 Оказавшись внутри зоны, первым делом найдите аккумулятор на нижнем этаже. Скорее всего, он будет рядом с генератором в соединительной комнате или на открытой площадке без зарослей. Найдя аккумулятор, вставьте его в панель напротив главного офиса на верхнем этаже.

---

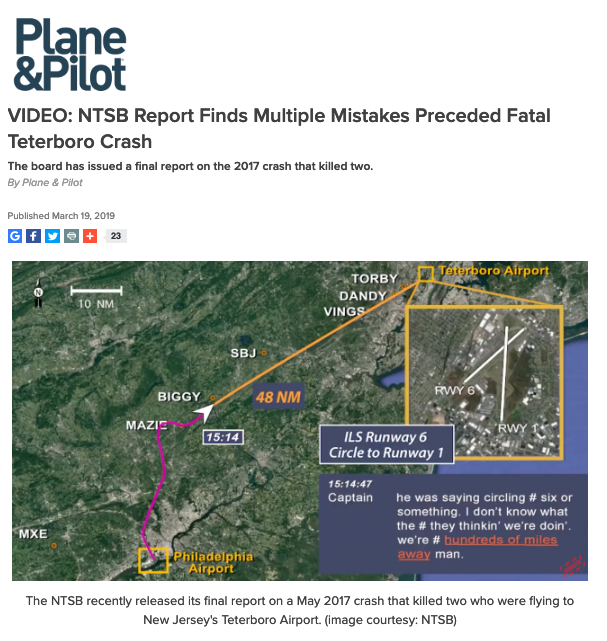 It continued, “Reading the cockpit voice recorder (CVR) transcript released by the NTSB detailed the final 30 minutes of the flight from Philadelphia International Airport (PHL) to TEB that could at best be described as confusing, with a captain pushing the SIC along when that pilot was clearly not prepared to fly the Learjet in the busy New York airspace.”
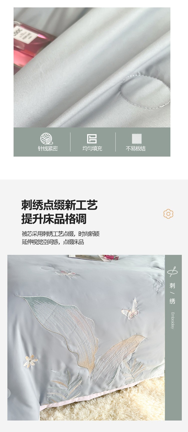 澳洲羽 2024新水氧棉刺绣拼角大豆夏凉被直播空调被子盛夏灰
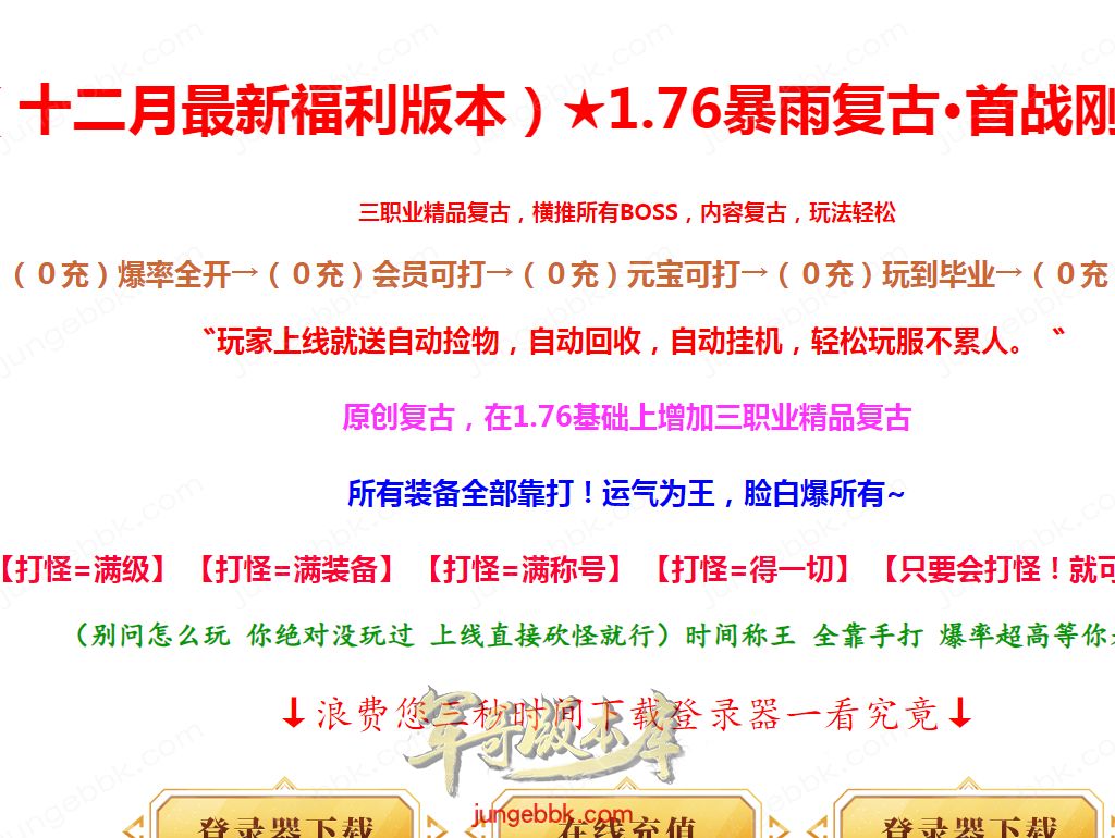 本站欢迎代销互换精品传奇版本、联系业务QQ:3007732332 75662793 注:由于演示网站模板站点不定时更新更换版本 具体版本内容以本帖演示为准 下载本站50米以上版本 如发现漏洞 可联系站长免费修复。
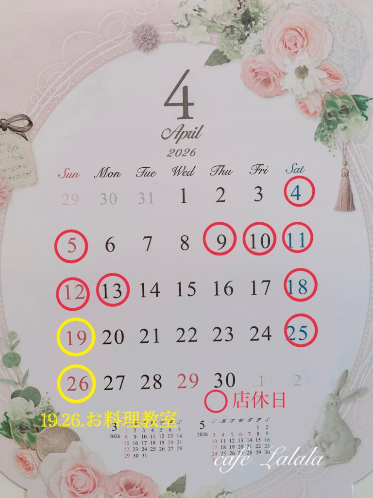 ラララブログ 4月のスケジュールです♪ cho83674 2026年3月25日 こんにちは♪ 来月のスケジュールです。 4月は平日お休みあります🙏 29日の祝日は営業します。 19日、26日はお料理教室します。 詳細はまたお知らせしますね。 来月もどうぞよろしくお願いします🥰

• [Action item]: Extract the part of the records that opens with the line containing "本站欢迎代销互换精品传奇版本、联系业务QQ:3007732332 75662793 注:由于演示网站模板站点不定时更新更换版本" and closes with the line containing "ラララブログ 4月のスケジュールです♪ cho83674". Take only those lines, exactly, and no pictures.

• [Problem solution]:
 本站欢迎代销互换精品传奇版本、联系业务QQ:3007732332 75662793 注:由于演示网站模板站点不定时更新更换版本 具体版本内容以本帖演示为准 下载本站50米以上版本 如发现漏洞 可联系站长免费修复。
 ラララブログ 4月のスケジュールです♪ cho83674 2026年3月25日 こんにちは♪ 来月のスケジュールです。 4月は平日お休みあります🙏 29日の祝日は営業します。 19日、26日はお料理教室します。 詳細はまたお知らせしますね。 来月もどうぞよろしくお願いします🥰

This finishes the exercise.